# Data under study
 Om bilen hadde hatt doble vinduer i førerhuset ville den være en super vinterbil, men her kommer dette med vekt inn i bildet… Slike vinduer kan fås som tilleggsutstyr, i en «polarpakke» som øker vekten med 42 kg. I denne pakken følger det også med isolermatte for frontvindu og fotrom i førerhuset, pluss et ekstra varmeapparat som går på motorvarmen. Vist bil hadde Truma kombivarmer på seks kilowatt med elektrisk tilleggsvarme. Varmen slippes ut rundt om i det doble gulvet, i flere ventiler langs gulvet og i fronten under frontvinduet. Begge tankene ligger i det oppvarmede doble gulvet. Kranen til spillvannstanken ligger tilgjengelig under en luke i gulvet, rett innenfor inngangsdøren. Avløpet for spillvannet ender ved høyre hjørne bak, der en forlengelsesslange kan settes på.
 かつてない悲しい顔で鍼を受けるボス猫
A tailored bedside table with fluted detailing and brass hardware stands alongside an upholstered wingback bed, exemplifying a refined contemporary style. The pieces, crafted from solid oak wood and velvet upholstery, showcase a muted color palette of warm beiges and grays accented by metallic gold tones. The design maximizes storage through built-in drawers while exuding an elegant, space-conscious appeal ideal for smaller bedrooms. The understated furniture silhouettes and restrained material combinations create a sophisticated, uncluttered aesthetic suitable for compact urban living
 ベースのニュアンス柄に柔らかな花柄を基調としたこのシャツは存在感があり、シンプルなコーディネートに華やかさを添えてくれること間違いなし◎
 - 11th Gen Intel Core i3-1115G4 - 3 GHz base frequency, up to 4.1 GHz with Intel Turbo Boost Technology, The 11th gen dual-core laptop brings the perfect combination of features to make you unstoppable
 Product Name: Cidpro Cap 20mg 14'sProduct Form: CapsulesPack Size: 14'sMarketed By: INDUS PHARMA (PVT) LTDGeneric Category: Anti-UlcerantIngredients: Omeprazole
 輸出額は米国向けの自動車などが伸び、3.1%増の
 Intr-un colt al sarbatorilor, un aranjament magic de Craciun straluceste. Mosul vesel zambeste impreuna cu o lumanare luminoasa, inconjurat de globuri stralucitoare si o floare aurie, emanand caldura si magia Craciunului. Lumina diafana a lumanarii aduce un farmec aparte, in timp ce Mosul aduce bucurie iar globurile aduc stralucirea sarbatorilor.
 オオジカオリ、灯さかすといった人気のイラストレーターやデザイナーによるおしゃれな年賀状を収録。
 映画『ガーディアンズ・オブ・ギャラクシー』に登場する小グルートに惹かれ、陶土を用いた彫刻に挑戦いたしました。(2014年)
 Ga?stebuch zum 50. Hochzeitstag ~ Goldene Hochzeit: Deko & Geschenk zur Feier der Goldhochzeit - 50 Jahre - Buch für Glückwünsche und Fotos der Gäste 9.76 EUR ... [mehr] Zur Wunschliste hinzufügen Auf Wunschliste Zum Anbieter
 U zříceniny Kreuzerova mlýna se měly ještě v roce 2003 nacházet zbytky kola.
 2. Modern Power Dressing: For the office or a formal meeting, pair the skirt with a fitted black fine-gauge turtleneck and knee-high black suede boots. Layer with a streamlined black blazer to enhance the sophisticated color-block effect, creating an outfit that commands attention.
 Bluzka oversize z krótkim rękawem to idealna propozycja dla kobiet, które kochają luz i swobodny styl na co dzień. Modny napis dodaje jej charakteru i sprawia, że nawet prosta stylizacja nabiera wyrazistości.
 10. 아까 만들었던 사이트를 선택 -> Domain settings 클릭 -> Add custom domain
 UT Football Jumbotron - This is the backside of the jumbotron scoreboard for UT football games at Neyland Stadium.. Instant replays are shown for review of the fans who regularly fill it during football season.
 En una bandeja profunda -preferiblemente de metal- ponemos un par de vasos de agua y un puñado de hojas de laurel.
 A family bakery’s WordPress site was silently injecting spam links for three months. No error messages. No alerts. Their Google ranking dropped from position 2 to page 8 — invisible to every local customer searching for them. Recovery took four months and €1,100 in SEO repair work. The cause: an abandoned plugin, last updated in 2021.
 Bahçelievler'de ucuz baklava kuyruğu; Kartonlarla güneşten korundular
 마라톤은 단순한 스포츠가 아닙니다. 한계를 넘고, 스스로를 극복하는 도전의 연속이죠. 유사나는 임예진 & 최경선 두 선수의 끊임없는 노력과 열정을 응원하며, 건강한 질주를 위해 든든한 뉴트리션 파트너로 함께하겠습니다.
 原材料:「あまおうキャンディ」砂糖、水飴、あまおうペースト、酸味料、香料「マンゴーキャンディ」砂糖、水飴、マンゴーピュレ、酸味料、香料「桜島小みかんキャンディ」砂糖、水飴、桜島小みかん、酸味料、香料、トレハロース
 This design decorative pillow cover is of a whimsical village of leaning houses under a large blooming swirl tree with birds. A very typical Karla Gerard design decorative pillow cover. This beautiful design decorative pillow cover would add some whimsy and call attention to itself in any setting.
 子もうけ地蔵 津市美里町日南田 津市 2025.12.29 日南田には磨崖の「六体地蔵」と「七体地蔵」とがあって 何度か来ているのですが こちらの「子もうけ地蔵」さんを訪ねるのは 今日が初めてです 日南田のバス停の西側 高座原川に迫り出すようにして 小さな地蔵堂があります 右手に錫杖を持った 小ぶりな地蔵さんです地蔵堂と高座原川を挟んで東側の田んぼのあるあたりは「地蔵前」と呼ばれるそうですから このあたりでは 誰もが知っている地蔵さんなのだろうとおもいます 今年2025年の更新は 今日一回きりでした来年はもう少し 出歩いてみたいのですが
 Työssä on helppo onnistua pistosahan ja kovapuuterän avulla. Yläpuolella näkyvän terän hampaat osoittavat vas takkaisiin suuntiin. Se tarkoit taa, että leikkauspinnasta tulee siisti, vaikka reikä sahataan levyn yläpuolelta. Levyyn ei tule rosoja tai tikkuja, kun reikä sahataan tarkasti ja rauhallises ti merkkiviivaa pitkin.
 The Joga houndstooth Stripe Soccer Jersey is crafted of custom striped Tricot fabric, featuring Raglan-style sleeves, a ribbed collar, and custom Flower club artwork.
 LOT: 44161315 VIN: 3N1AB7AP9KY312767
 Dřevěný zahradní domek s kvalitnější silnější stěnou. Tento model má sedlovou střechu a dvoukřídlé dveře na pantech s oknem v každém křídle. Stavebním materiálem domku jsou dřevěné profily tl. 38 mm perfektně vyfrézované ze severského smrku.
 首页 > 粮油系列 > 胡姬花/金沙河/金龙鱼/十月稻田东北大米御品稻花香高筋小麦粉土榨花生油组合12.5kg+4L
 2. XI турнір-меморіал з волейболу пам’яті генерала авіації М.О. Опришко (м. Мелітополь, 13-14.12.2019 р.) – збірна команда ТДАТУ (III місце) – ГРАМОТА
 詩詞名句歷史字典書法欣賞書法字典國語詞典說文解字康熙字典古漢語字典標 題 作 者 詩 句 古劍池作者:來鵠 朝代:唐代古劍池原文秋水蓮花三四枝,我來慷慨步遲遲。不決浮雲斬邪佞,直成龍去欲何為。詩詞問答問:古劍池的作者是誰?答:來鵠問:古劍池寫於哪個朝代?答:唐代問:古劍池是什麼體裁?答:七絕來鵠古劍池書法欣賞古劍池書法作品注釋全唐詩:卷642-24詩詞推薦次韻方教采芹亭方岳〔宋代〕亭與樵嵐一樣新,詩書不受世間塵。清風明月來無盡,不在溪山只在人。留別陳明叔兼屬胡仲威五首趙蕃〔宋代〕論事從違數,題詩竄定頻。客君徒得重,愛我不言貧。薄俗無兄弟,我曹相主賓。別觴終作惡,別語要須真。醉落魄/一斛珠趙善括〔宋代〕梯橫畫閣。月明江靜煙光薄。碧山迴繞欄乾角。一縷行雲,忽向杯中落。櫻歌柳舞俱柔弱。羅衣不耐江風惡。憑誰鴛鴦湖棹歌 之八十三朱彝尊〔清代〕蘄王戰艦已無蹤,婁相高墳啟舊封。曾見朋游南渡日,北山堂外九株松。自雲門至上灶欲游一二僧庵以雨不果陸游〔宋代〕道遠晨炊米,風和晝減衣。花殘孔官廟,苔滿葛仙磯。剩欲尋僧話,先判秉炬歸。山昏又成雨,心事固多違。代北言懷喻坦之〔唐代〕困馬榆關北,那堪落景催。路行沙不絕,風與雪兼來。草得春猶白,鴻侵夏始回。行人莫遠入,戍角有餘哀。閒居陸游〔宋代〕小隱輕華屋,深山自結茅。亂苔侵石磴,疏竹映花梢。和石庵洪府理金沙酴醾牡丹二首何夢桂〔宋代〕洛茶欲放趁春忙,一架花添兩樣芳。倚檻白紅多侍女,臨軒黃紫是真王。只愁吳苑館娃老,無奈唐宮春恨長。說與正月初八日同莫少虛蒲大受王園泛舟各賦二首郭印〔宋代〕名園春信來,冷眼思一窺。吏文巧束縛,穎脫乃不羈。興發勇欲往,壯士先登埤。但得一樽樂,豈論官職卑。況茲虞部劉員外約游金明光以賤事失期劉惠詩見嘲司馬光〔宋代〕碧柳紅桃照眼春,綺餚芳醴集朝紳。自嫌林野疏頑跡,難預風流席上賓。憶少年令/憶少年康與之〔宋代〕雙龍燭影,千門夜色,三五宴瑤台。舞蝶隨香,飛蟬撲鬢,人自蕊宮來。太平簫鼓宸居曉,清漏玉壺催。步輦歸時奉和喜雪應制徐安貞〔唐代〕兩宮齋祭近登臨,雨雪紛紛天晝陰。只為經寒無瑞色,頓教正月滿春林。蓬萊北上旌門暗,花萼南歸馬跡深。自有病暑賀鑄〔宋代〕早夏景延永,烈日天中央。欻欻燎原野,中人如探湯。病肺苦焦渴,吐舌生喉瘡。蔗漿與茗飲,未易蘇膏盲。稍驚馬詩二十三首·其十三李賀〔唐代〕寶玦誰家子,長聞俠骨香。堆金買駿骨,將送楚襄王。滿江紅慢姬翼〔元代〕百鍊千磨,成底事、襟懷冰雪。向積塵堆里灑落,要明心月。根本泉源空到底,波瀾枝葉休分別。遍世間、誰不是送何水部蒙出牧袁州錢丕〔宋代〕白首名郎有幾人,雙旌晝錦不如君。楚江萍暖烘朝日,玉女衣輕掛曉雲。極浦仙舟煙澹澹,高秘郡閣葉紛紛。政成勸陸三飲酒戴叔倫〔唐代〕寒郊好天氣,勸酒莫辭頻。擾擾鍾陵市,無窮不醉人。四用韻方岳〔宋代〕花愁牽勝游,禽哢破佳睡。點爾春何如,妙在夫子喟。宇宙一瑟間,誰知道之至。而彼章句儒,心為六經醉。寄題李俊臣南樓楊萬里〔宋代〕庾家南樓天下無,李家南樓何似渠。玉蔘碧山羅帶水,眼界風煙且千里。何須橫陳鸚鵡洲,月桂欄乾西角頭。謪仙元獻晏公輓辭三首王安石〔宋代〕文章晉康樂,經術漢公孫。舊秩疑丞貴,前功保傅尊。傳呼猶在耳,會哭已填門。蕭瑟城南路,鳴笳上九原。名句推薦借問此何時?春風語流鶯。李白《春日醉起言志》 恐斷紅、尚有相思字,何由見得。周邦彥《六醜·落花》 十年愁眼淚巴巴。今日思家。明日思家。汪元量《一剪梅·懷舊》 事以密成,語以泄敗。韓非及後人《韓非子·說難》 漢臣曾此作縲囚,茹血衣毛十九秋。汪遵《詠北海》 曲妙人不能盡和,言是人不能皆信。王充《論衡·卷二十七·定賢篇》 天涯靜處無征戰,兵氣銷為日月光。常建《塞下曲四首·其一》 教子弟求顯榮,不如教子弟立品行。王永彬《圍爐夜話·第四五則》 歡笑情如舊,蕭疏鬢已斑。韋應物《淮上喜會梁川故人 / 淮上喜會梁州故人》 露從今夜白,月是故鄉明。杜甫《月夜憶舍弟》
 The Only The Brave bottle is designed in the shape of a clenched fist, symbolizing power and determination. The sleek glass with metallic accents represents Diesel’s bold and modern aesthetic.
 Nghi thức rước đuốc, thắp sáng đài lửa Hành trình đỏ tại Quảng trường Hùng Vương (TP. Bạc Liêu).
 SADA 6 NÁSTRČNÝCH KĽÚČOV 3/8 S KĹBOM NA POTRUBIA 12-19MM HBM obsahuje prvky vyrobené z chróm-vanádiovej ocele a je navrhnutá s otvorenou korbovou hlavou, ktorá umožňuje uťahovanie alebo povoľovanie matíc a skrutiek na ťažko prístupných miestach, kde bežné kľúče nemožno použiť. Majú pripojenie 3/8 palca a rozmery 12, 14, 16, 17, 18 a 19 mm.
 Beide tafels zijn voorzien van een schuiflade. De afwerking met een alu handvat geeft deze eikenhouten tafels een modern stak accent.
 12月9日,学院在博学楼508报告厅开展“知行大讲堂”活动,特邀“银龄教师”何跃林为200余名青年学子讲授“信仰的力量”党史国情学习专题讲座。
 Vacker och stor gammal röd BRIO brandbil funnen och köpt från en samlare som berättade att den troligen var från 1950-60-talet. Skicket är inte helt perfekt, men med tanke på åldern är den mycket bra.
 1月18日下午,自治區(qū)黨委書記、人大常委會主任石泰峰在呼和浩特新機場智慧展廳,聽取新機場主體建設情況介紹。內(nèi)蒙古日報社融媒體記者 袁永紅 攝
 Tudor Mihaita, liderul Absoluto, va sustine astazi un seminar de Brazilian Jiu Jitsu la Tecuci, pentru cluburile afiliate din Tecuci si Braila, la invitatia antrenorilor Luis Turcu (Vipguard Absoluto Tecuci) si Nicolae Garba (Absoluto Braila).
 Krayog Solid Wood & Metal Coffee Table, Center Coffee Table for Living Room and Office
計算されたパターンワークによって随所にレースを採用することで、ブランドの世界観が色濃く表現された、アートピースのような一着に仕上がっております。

# Task objective
Write only the number of lines in the records that include the word "metallic".

# Written solution
2